** TRY IT **
Everything in the records below from the line containing "在次卧也布置了一组大衣柜,左" through the line containing "Thông số kỹ" is to be reproduced exactly, those two lines included; no picture is to be copied.

──────── TASK MATERIAL ────────

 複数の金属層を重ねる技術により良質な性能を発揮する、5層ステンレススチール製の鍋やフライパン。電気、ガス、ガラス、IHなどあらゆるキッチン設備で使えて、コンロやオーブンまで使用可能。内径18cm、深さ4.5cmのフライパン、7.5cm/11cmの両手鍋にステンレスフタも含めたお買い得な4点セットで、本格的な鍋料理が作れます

────────
──────── TASK MATERIAL ────────

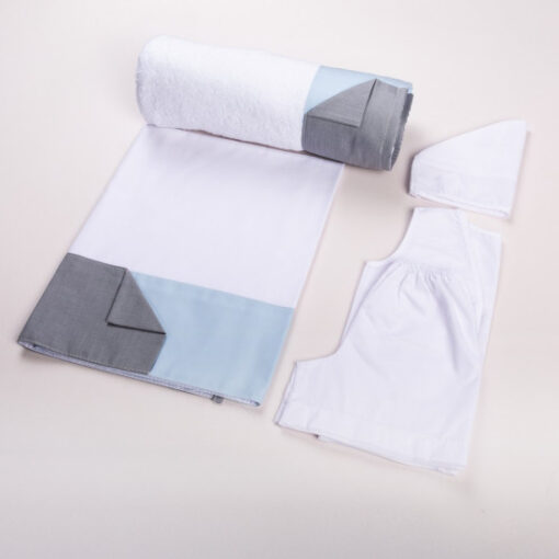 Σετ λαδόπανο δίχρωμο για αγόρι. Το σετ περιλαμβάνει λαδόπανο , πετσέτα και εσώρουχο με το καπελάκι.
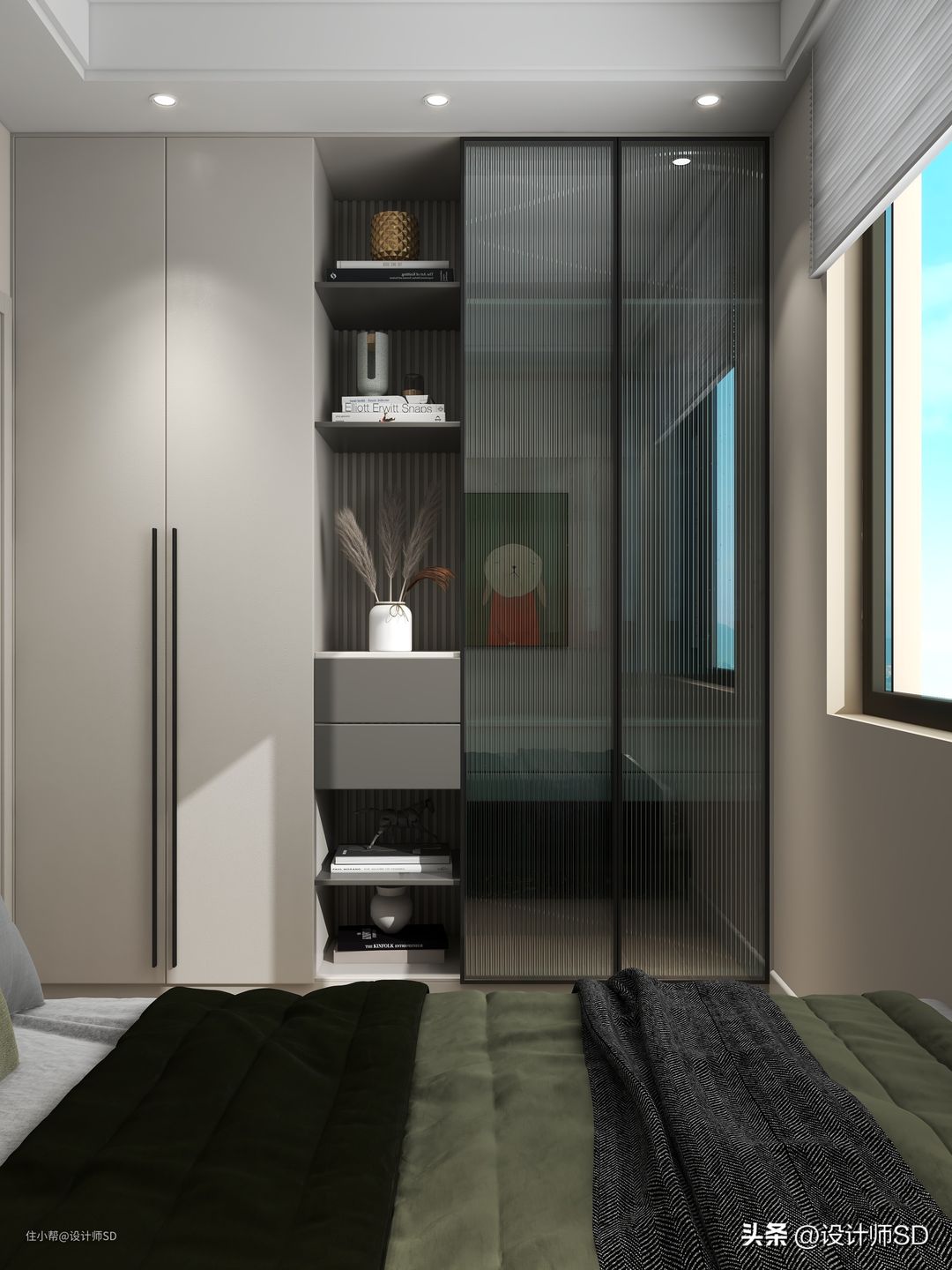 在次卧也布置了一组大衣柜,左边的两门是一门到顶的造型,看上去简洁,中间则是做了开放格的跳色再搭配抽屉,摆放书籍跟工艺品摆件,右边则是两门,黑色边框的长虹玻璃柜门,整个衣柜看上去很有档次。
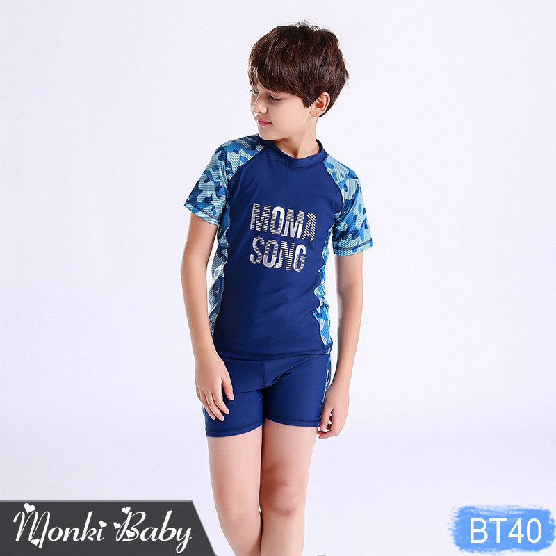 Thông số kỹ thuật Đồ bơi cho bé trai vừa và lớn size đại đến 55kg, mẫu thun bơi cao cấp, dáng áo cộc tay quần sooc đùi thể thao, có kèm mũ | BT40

────────

** TASK OUTPUT **
 在次卧也布置了一组大衣柜,左边的两门是一门到顶的造型,看上去简洁,中间则是做了开放格的跳色再搭配抽屉,摆放书籍跟工艺品摆件,右边则是两门,黑色边框的长虹玻璃柜门,整个衣柜看上去很有档次。
 Thông số kỹ thuật Đồ bơi cho bé trai vừa và lớn size đại đến 55kg, mẫu thun bơi cao cấp, dáng áo cộc tay quần sooc đùi thể thao, có kèm mũ | BT40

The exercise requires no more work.